The annual Art of Brooklyn Film Festival will make its Ridge debut on May 10 — and leading off the second night of the cinematic extravaganza is “Coney Island: Dreams for Sale,” a documentary look at the fight last decade that forever transformed the People’s Playground.
The movie is the first feature-length work by filmmaker Alessandra Giordano, who originally intended to make a five-minute short. Giordano, who hails from Italy, was taking a film course at New York University in the summer of 2008, when the fight over Coney’s future was raging, and a friend suggested that she should visit the area.
“They told me it was a place I would enjoy, a place that’s different and interesting and quirky,” said Giordano.
On that trip, Giordano met one of the main characters of her film, Coney carny Anthony Raimondi, owner of the now-defunct Jones Walk booth Gangster Cigars.
“I started talking to him right away, and I thought he was a wonderful, interesting character who knows a lot,” Giordano said.
It was from Raimondi that Giordano learned about the situation in Sodom by the Sea — Thor Equities owner Joe Sitt had bought up big tracts of amusement district turf that the Bloomberg Administration hoped to redevelop, and was demolishing longstanding attractions in an effort to force the city to either buy him out or rezone so he could sell the properties at a profit.
Over the next several months, Giordano met her other two protagonists — Sideshows by the Seashore founder Dick Zigun, and Dianna Carlin, owner of the Lola Star boutique on the Boardwalk. And the more people Giordano met and the more she learned, the longer her film became.
“Being in Coney Island, and learning more and seeing the complexity of the situation, I thought this would be a great story to tell,” said Giordano.
It was Carlin, with her efforts to preserve Coney Island’s endangered historic attractions, who became the central figure in the documentary — even though she was a relative newcomer to the Playground of the World compared to old-timers like Zigun and Raimondi.
“She’s the one who spearheaded all the activism,” Giordano said. “She in a way symbolizes the new Coney Island, a new entrepreneur who comes in and starts a unique business.”
Giordano’s film climaxes with the heartbreaking 2008 closure of Astroland theme park, but it ends four years later, in the aftermath of Hurricane Sandy — when Giordano was putting her last touches on the film.

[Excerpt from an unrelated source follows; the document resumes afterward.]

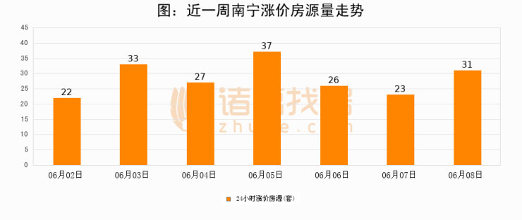 根据诸葛找房数据显示,南宁24小时涨价房源量为31套,较06月07日增加8套,环比上涨34.8%。与此同时,涨价房源占比小幅扩大,业主信心有所提升。

“I was still editing and the storm happened, and I thought ‘That’s the last thing Coney Island needed,’ ” she said. “But then I thought ‘Coney Island is like that, it’s constantly struggling to survive.’ But somehow people keep on going, like Diana, and that’s what I ended with, because I really wanted to end on a positive note.”
“Coney Island: Dreams for Sale,” at Saint John’s Parish Hall [461 99th St. near Fort Hamilton Parkway in Bay Ridge, (347) 746–4002, www.aobff.org] May 10 at 7 pm. $10.